Information supplied -
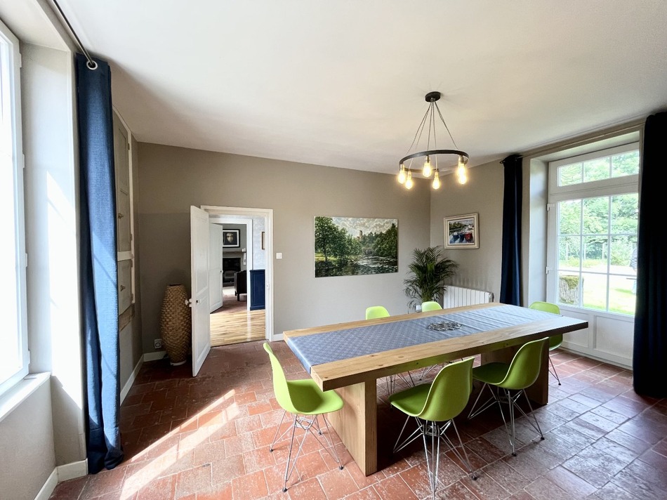 I'm , the local agent for this recently-renovated elegant detached stone house with three bedrooms and two bathrooms, set back from the street behind iron railings and gates. With insulated walls and new double-glazed windows and doors, this will be a comfortable home. Mains drains, fibre internet, new electrics. From the bright entrance hallway with wood panelling, the living room (22m2) is on your left, and the dining room (23m2) that opens to the garden is on your right, and there's a WC. The dining room connects to the kitchen (32m2) that again opens to the garden. The living room, dining room and kitchen all have windows on two sides, and as you can see from the virtual tour video, the house has a lovely bright and airy feel. The dining room and living room have their original terracotta floors. The living room and the kitchen each have a logburner, and there are new electric wall radiators throughout. Oak stairs lead up from the entrance hallway to a spacious landing, leading to the master bedroom (21m2) with windows on two sides, to a bathroom (9m2) with a 140cmx90cm shower plus a bathtub, and to the second bedroom (10m2) - all beautifully presented and recently decorated with taste and care. The third bedroom is 21m2 plus an ensuite shower room and a 6m2 dressing room, and has windows on two sides it's accessible from a second staircase from the kitchen. Attached, a garage, and a large flat fenced garden with a fenced vegetable plot and well. The village has a café-restaurant, library/post office, school, a fishing lake with public barbecue area, and a great friendly community with regular events at the village hall. A bakery van delivers daily, and a butcher weekly. 2km away is the small town of L'Isle Jourdain, with schools, supermarket with fuel, seven café-restaurants, bakery, newsagents/tabac, doctors, dentist, pharmacy, opticians, garden centre, DIY store and garage, plus a swimming pool, tennis courts, and waterskiing/kayaking.
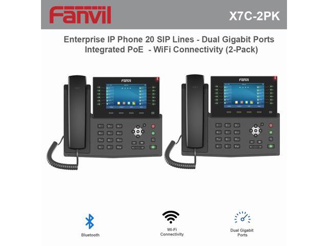 Fanvil X7C High-End Enterprise IP Phone 20 SIP Lines with Dual Gigabit Ports and Integrated PoE and WiFi Connectivity (2-Pack)In addition to a 5-inch high-resolution color screen, the telephone also features 20 SIP lines, HD audio with Opus support, up to 60 DSS keys (12 physical), Built-in Bluetooth, Wi-Fi connectivity and more!Newly-added support for Opus and a larger audio cavity bring abundant, strong low-frequency audio effects. The speakerphone adopts full net coverage delivering crystal clear, life-like voice communication.
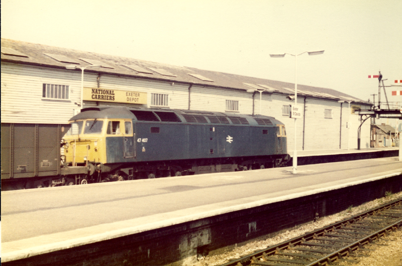 Genny 47407 is an unusual sight on ballast at Exeter St Davids, July 8th 1984
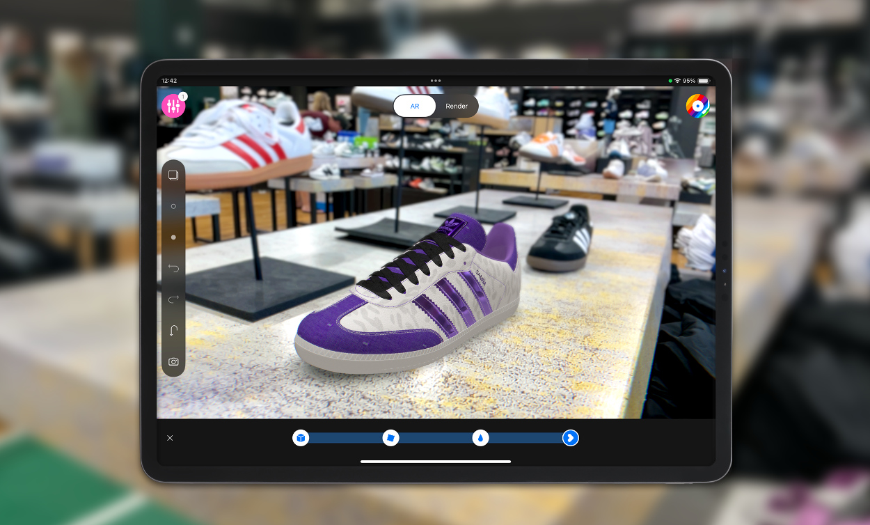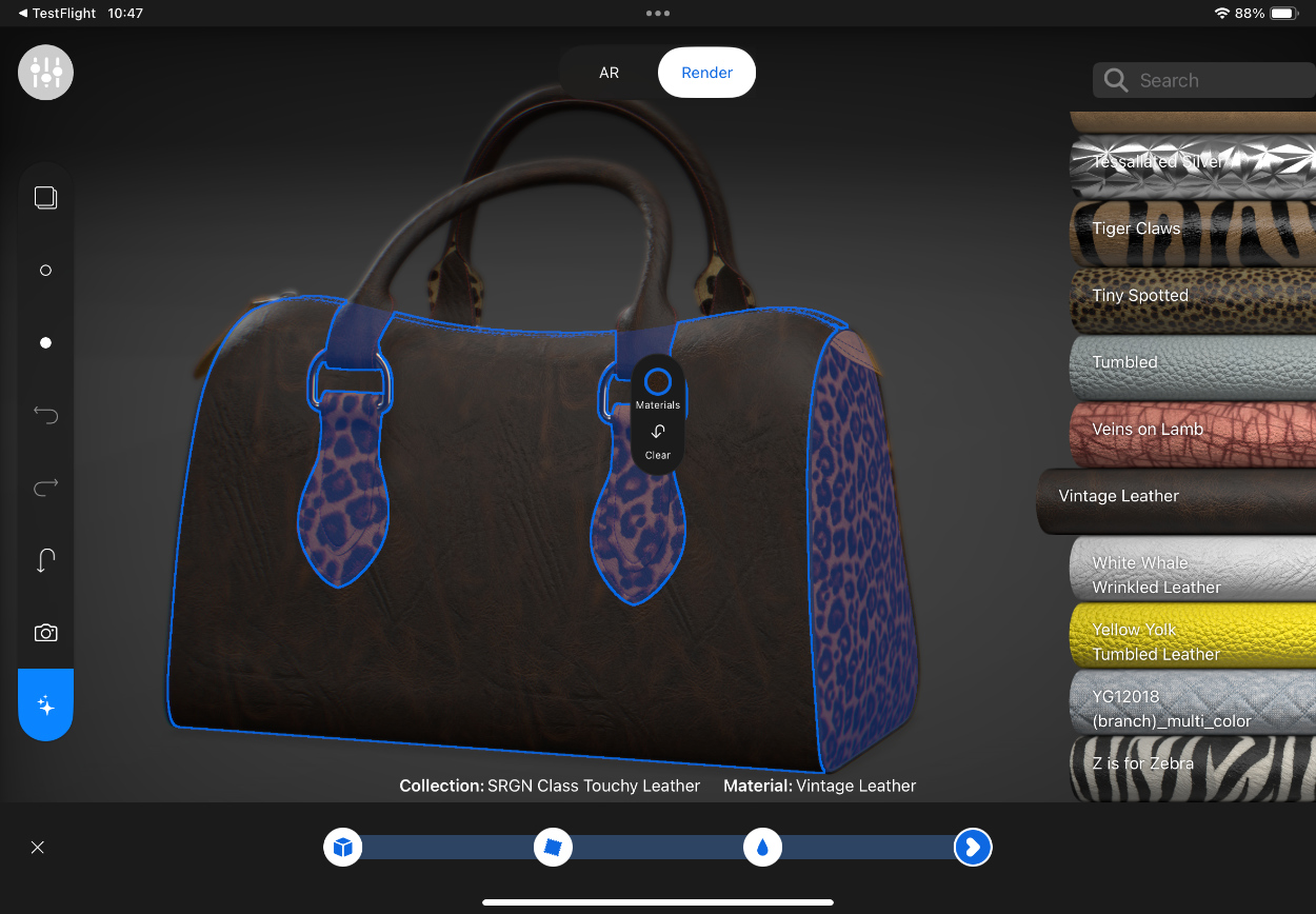 What is mix? mix is the first interactive 3D design and visualization application with a built in ML engine, powered by the magic of touch. Tapping into the swatchbook cloud backbone, designers have thousands of materials and colors at their fingertips to create designs of their 3D models with a few simple clicks, through the machine, or in a combination of both. No shader tweaking, only beautifully digitized materials and colors that can be applied directly to one or many parts of the 3D object, with the beauty of recoloring to create your own, unique creations of new designs based on your own seasonal color palette. Since you are using a mobile device you can choose to design and visualize the model in realtime render mode or in AR. Once finished, a simple push of a button will save your designs in the swatchbook cloud, create photographic content of your design along with a detailed virtual Bill of Materials (vBoM), all generated automatically and available to be shared with the design team, factories or retail. It’s like magic!
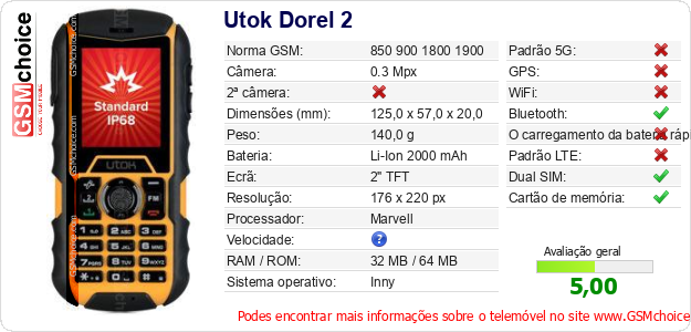 Dados sobre o telemóvel Utok Dorel 2 na sua página

Work task - Output each record precisely as it appears, and drop every picture.

Answer below -
 I'm , the local agent for this recently-renovated elegant detached stone house with three bedrooms and two bathrooms, set back from the street behind iron railings and gates. With insulated walls and new double-glazed windows and doors, this will be a comfortable home. Mains drains, fibre internet, new electrics. From the bright entrance hallway with wood panelling, the living room (22m2) is on your left, and the dining room (23m2) that opens to the garden is on your right, and there's a WC. The dining room connects to the kitchen (32m2) that again opens to the garden. The living room, dining room and kitchen all have windows on two sides, and as you can see from the virtual tour video, the house has a lovely bright and airy feel. The dining room and living room have their original terracotta floors. The living room and the kitchen each have a logburner, and there are new electric wall radiators throughout. Oak stairs lead up from the entrance hallway to a spacious landing, leading to the master bedroom (21m2) with windows on two sides, to a bathroom (9m2) with a 140cmx90cm shower plus a bathtub, and to the second bedroom (10m2) - all beautifully presented and recently decorated with taste and care. The third bedroom is 21m2 plus an ensuite shower room and a 6m2 dressing room, and has windows on two sides it's accessible from a second staircase from the kitchen. Attached, a garage, and a large flat fenced garden with a fenced vegetable plot and well. The village has a café-restaurant, library/post office, school, a fishing lake with public barbecue area, and a great friendly community with regular events at the village hall. A bakery van delivers daily, and a butcher weekly. 2km away is the small town of L'Isle Jourdain, with schools, supermarket with fuel, seven café-restaurants, bakery, newsagents/tabac, doctors, dentist, pharmacy, opticians, garden centre, DIY store and garage, plus a swimming pool, tennis courts, and waterskiing/kayaking.
 Fanvil X7C High-End Enterprise IP Phone 20 SIP Lines with Dual Gigabit Ports and Integrated PoE and WiFi Connectivity (2-Pack)In addition to a 5-inch high-resolution color screen, the telephone also features 20 SIP lines, HD audio with Opus support, up to 60 DSS keys (12 physical), Built-in Bluetooth, Wi-Fi connectivity and more!Newly-added support for Opus and a larger audio cavity bring abundant, strong low-frequency audio effects. The speakerphone adopts full net coverage delivering crystal clear, life-like voice communication.
 Genny 47407 is an unusual sight on ballast at Exeter St Davids, July 8th 1984
 What is mix? mix is the first interactive 3D design and visualization application with a built in ML engine, powered by the magic of touch. Tapping into the swatchbook cloud backbone, designers have thousands of materials and colors at their fingertips to create designs of their 3D models with a few simple clicks, through the machine, or in a combination of both. No shader tweaking, only beautifully digitized materials and colors that can be applied directly to one or many parts of the 3D object, with the beauty of recoloring to create your own, unique creations of new designs based on your own seasonal color palette. Since you are using a mobile device you can choose to design and visualize the model in realtime render mode or in AR. Once finished, a simple push of a button will save your designs in the swatchbook cloud, create photographic content of your design along with a detailed virtual Bill of Materials (vBoM), all generated automatically and available to be shared with the design team, factories or retail. It’s like magic!
 Dados sobre o telemóvel Utok Dorel 2 na sua página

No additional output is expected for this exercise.